Recently, we shared information for millennial workers to better work with their Gen-X Managers. But that isn’t the only potential generational dynamic in the workplace. For those of us in Generation-X, how do we work with managers who are younger than us, sometimes significantly so. It can seem frustrating when you feel like you should be in charge of your manager rather than the other way around. So how do you cope, and thrive, with a millennial manager? Here are some tips to help.

  • Understand how brand driven they are. More than any generation before them, millennials have grown up with an innate sense of personal brand. Beyond the big names, like Apple or Google, millennials understand that image is an important part of their everyday life and their careers. How they brand themselves is the face they show to the world, so they will expect this kind of behavior from their employees as well.

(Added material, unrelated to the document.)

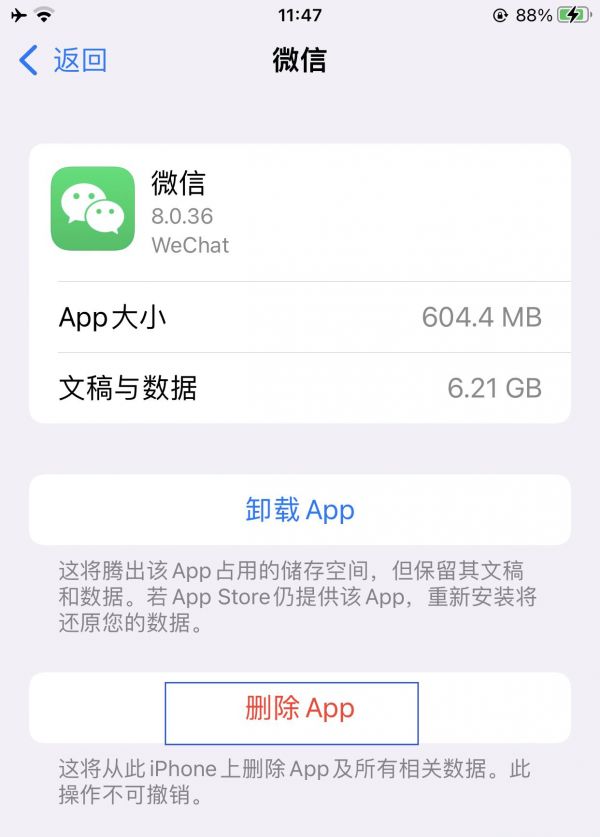 从上图可以看出,该app文稿和数据占据了6GB多的数据,因此,选择“删除app",清理掉它占用的空间,可以深度的清理iPhone。需要注意,”卸载app“和”删除app“的区别,后者更加的深度清理存储,通过删除app的方式卸载后,再重装,会发现腾出了不少的空间。

  • Take advantage of their need for work/life balance. When we say “take advantage” we don’t mean it in a manipulative or negative way. A millennial manager finds work/life balance to be an extremely important aspect of their lives, so they have worked hard to make it possible in their careers. For this reason, you can work with them to create a flexible schedule, results oriented workplace, or remote working arrangement.
  • Flexibility is not a sign of weakness. That said, your millennial boss’s flexibility about time and hours is not a weakness. They won’t tolerate slacking, which many of them associate with generation X, even if that’s a false equivalence. They are hard workers and it will be important to them that you also contribute to the success of their organization.
  • They really are sensitive to the needs of others. Another stereotype about millennials is their selfishness. But this, like all of the stories about Gen-X, isn’t entirely true. Yes, they participated in group activities where there were no losers, but that doesn’t mean they are uninterested in winning. They do recognize the needs of others and will act accordingly, so don’t be afraid to talk to them about your challenges or concerns.